一推開,她就發現今天的庫房有點特殊,今天的魚腥味特別的濃郁,雖然平日里也不淡,但是今天格外的濃郁,要是承受能力不好的,可能就會被直接嚇退。
這不,安管事就是一個很好的例子。
鄭琬也沒有想到,自己打開房門后,安管事的第一反應是后退,聽到身后的動靜,她下意識地轉身回頭看發生了什么情況。
就看到安管事避如蝎蛇的模樣,一手捏著鼻子,五官扭曲地看著庫房的方向。
下一秒,她就感受到了撲面而來的腥味,她側頭避開,有些疑惑地看著安管事這副提前預防的樣子,問道
“安管事可是知道庫房里放了什么腥味濃重的食材”
聽到這話,安管事捏著鼻子說“前日旬休的后廚娘子也該見到了,根本沒就用多少食材,剩余的全都放在庫房里。一日過去,或許里面的魚發生了變化。”
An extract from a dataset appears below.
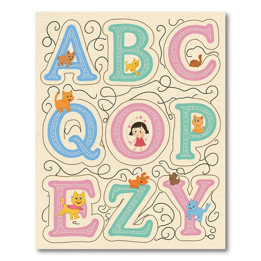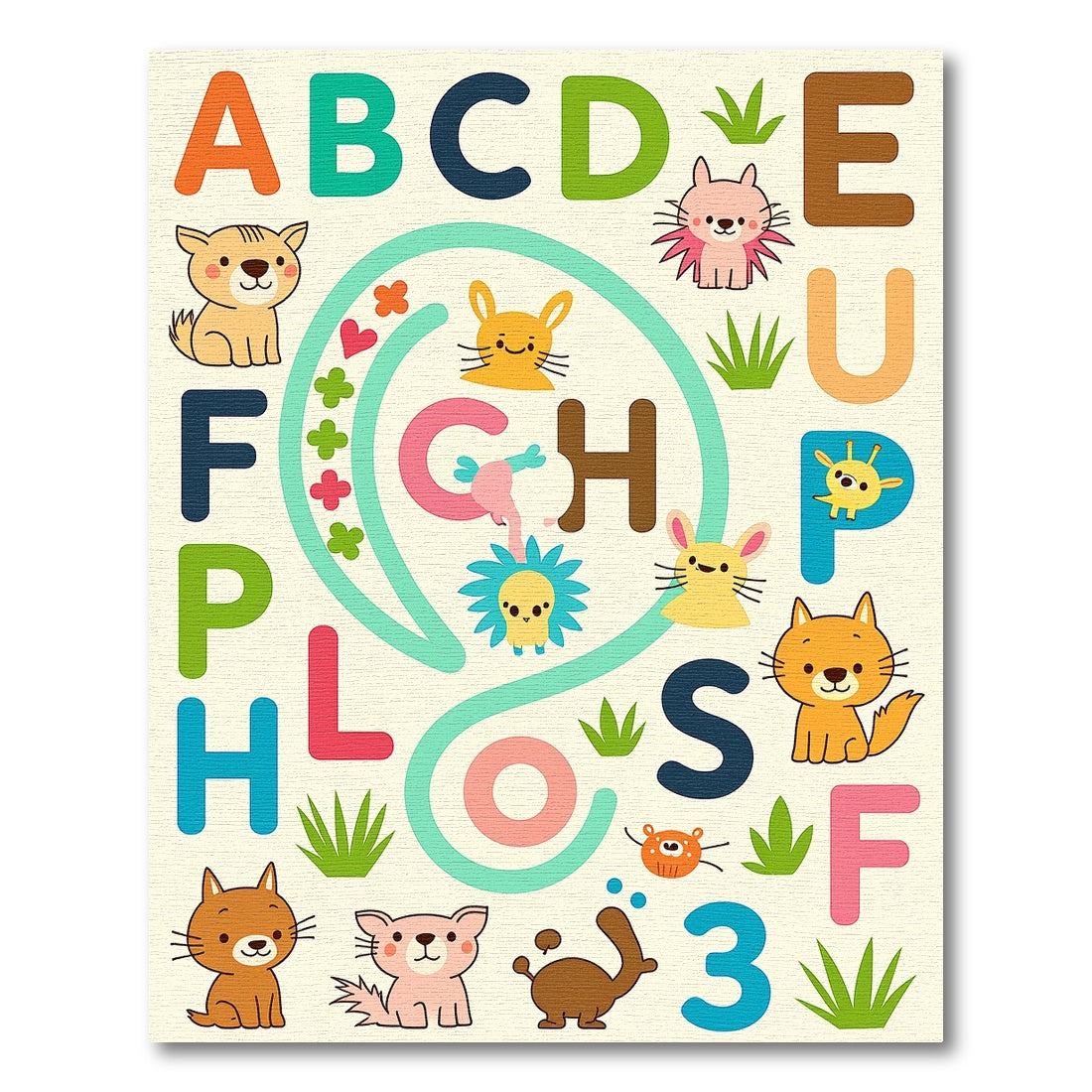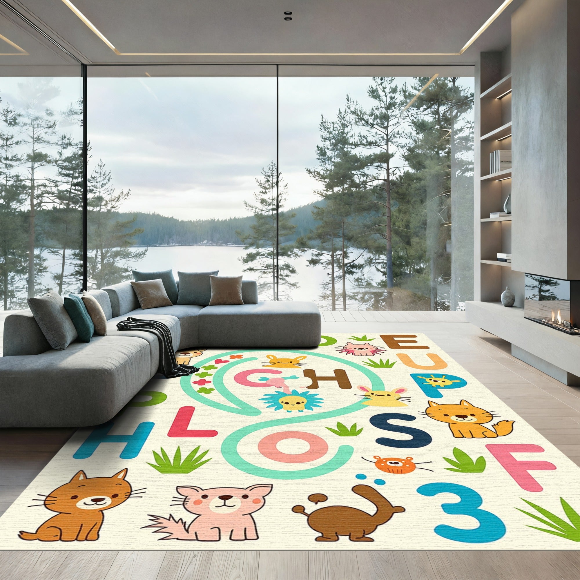 Cute Alphabet Animals Playful Composition Rug

鄭琬這才明白原來是剩下的食材鬧出的禍患,聽這意思是,消耗的食材少,剩下的就多,加上都水監最多的就是魚。
這么多魚都存放在庫房里,接近兩天的時間過去,沒點變化那是騙人的。
明白緣由之后,她大步向前,尋著氣味最濃郁的地方走去,就看到兩個水缸裝滿了大小約兩指寬的雜魚。
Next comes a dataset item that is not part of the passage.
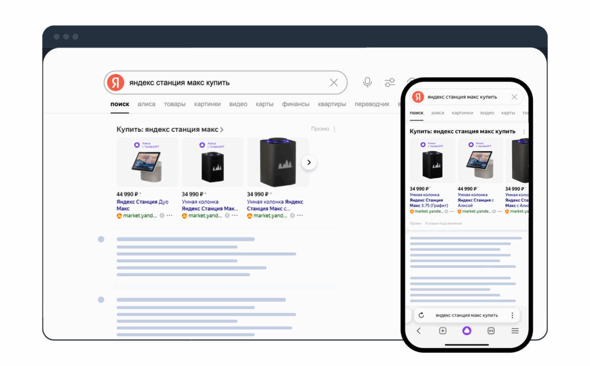 Товарные объявления формируются на основе ассортимента сайта или специального файла — товарного фида. Они показываются: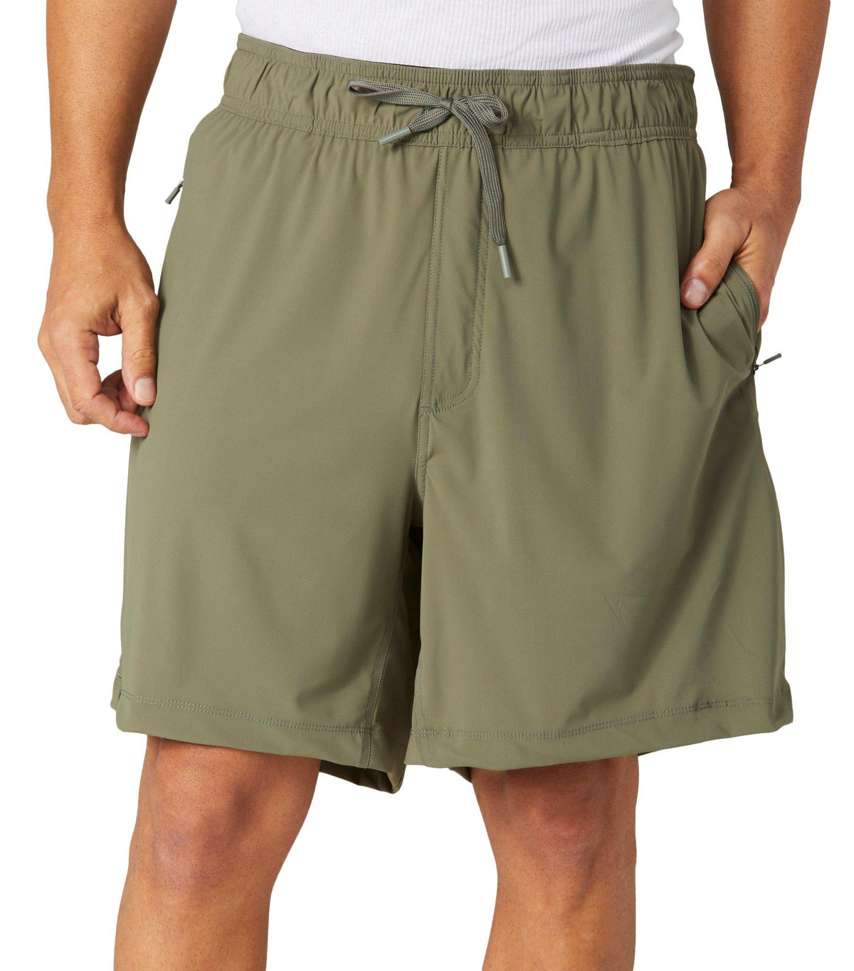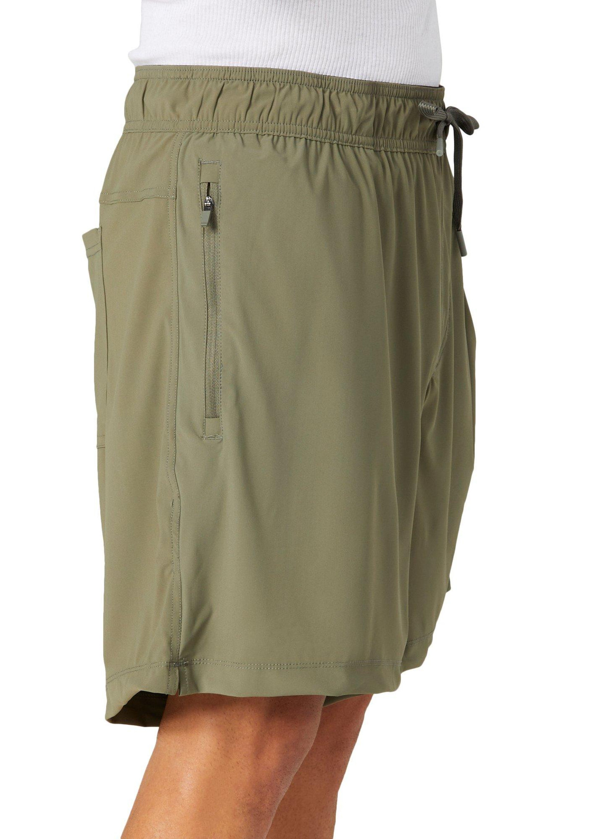 Introducing this pair of Mens Stretch Knit Athletic Shorts from 90 Degree by Reflex, designed for both style and functionality. Featuring a convenient drawstring waist for a perfect fit, these shorts come with double side zipper pockets and one back pocket. The fabric is breathable and lightweight, making them ideal for any activity indoor or outdoor. Embrace a blend of comfort and practicality with these versatile shorts, perfect for any active lifestyle.

此時水缸內壁上已經沾染不少泥沙,混著魚腥味,魚兒不停地在水中游動,還有不少已經發出一種瀕臨死亡的信號,逐漸向四周散發自己的嚇人氣味。
如果再不處理的話,估計這缸魚都不能要了。
她趕緊找來一個木盆,將所有快要死亡的魚裝在一起,著急地端到后廚的水井旁,用自己凌厲的刀法將其斬殺。
處理完這些快死的魚后,她才想起自己腰間的鑰匙,趕緊走回庫房。
將手里的鑰匙遞到安管事面前,傻笑著說“兒剛剛太著急,忘記把鑰匙還給您了。”
“無無礙。”
安云煥感受著鄭琬身上濃烈的魚腥味,屏氣凝神,伸出兩根手指,將鑰匙從鄭琬的手中取回來。
而后微笑著說“娘子先忙,某也要去做事了。”
說完,就以飛快的速度消失在鄭琬的視線中。
鄭琬有些狐疑地抬手聞聞自己身上的味道,小聲嘟囔著說“我身上的魚腥味有那么重嗎”
恰好此時,趙青悠也和其他人一起來上工,撞到鄭琬這個腥味大殺器,立即捏緊自己的鼻子,擔憂地詢問
“娘子是摔到魚身上了嗎”
聞言,鄭琬頓時一頭黑線,無奈地說“兒剛剛殺了一盆魚。”
“原來如此。”
眾人齊聲回道,理解地點點頭,心想誰殺魚之后沒有沾染一點魚腥味就是鄭娘子殺的多,味道濃郁一點而已。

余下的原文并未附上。